### Dataset excerpts
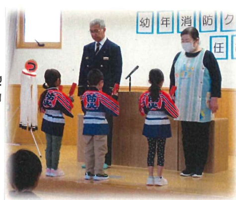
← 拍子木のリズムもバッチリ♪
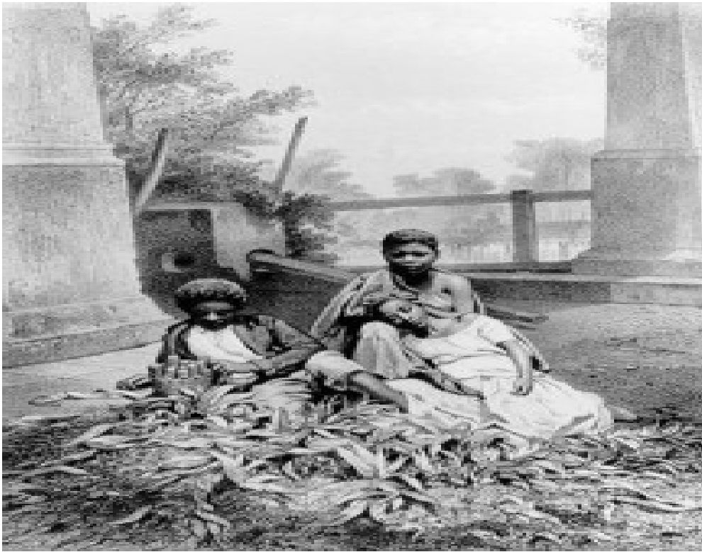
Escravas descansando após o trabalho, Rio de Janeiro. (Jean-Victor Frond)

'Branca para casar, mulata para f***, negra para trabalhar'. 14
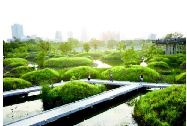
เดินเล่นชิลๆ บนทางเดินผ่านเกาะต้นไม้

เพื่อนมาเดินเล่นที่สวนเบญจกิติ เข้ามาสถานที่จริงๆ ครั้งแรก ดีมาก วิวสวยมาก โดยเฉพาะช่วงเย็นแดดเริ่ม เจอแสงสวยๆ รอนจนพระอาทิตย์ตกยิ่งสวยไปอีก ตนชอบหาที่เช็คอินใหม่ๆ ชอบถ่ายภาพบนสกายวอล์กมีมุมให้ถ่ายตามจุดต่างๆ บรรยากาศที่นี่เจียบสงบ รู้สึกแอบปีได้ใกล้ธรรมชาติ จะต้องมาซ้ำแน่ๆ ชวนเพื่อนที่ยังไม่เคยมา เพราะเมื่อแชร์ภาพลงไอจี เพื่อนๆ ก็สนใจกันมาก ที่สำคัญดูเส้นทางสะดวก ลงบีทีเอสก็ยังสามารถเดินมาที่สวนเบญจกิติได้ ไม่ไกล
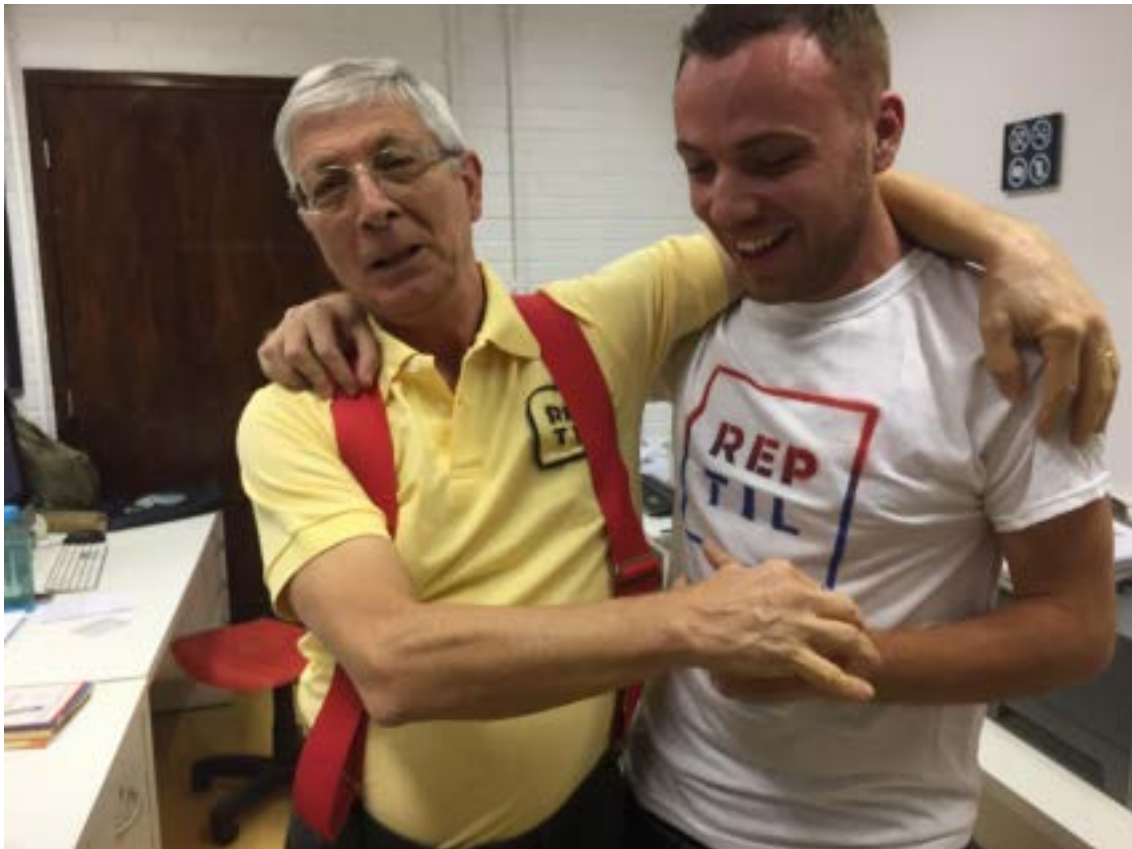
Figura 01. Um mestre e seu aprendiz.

==

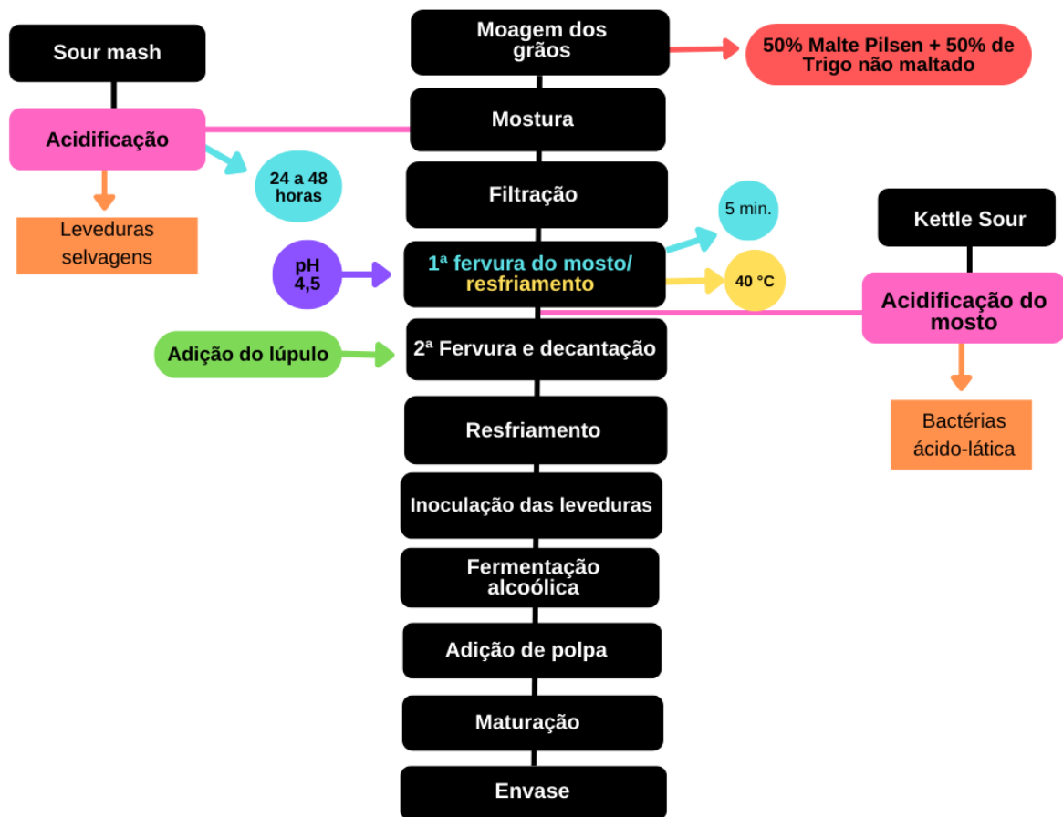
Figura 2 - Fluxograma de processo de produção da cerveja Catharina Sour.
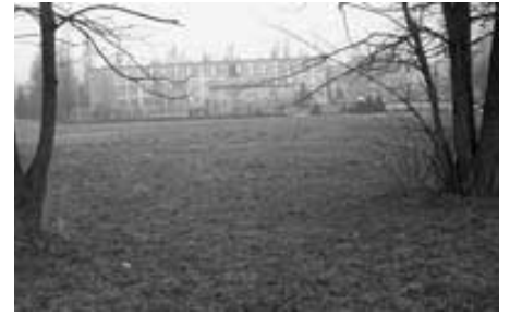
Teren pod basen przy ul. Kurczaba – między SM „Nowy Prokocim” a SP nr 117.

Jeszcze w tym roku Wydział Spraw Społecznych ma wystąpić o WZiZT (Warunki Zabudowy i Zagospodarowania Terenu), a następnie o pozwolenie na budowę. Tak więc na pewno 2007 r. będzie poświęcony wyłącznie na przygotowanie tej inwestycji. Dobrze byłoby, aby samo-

### Exercise brief
Search the data above for the word "Figura" and show every line that has it.

### Exercise result
Figura 01. Um mestre e seu aprendiz.
Figura 2 - Fluxograma de processo de produção da cerveja Catharina Sour.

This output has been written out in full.